Exercise goal: Restate the full listing word for word; images stay out of it.

Given information:
------------------------------------
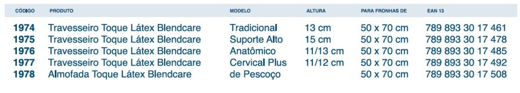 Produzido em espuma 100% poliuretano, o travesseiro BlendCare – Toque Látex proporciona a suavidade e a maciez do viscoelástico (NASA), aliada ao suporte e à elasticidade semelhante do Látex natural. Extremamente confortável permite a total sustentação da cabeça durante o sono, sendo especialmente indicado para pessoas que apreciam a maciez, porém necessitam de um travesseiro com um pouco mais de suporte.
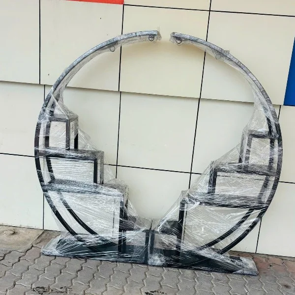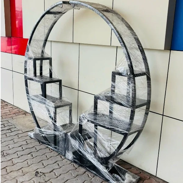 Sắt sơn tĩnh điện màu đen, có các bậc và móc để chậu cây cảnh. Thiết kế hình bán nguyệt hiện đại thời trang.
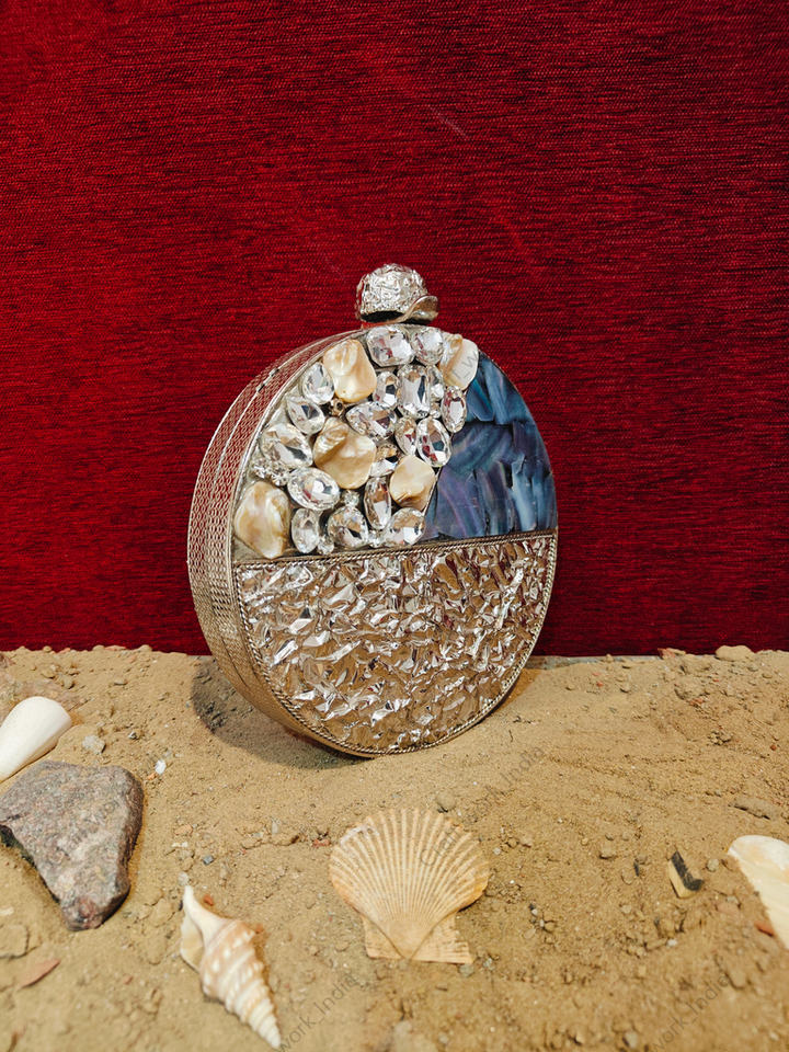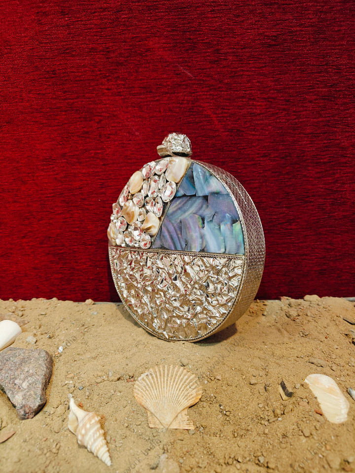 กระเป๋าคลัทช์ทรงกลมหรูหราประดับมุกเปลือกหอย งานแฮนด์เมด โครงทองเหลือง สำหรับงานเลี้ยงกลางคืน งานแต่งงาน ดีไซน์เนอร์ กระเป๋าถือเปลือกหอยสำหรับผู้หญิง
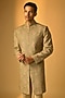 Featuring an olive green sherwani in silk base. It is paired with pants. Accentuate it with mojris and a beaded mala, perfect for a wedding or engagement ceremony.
------------------------------------
Written response:
 Produzido em espuma 100% poliuretano, o travesseiro BlendCare – Toque Látex proporciona a suavidade e a maciez do viscoelástico (NASA), aliada ao suporte e à elasticidade semelhante do Látex natural. Extremamente confortável permite a total sustentação da cabeça durante o sono, sendo especialmente indicado para pessoas que apreciam a maciez, porém necessitam de um travesseiro com um pouco mais de suporte.
 Sắt sơn tĩnh điện màu đen, có các bậc và móc để chậu cây cảnh. Thiết kế hình bán nguyệt hiện đại thời trang.
 กระเป๋าคลัทช์ทรงกลมหรูหราประดับมุกเปลือกหอย งานแฮนด์เมด โครงทองเหลือง สำหรับงานเลี้ยงกลางคืน งานแต่งงาน ดีไซน์เนอร์ กระเป๋าถือเปลือกหอยสำหรับผู้หญิง
 Featuring an olive green sherwani in silk base. It is paired with pants. Accentuate it with mojris and a beaded mala, perfect for a wedding or engagement ceremony.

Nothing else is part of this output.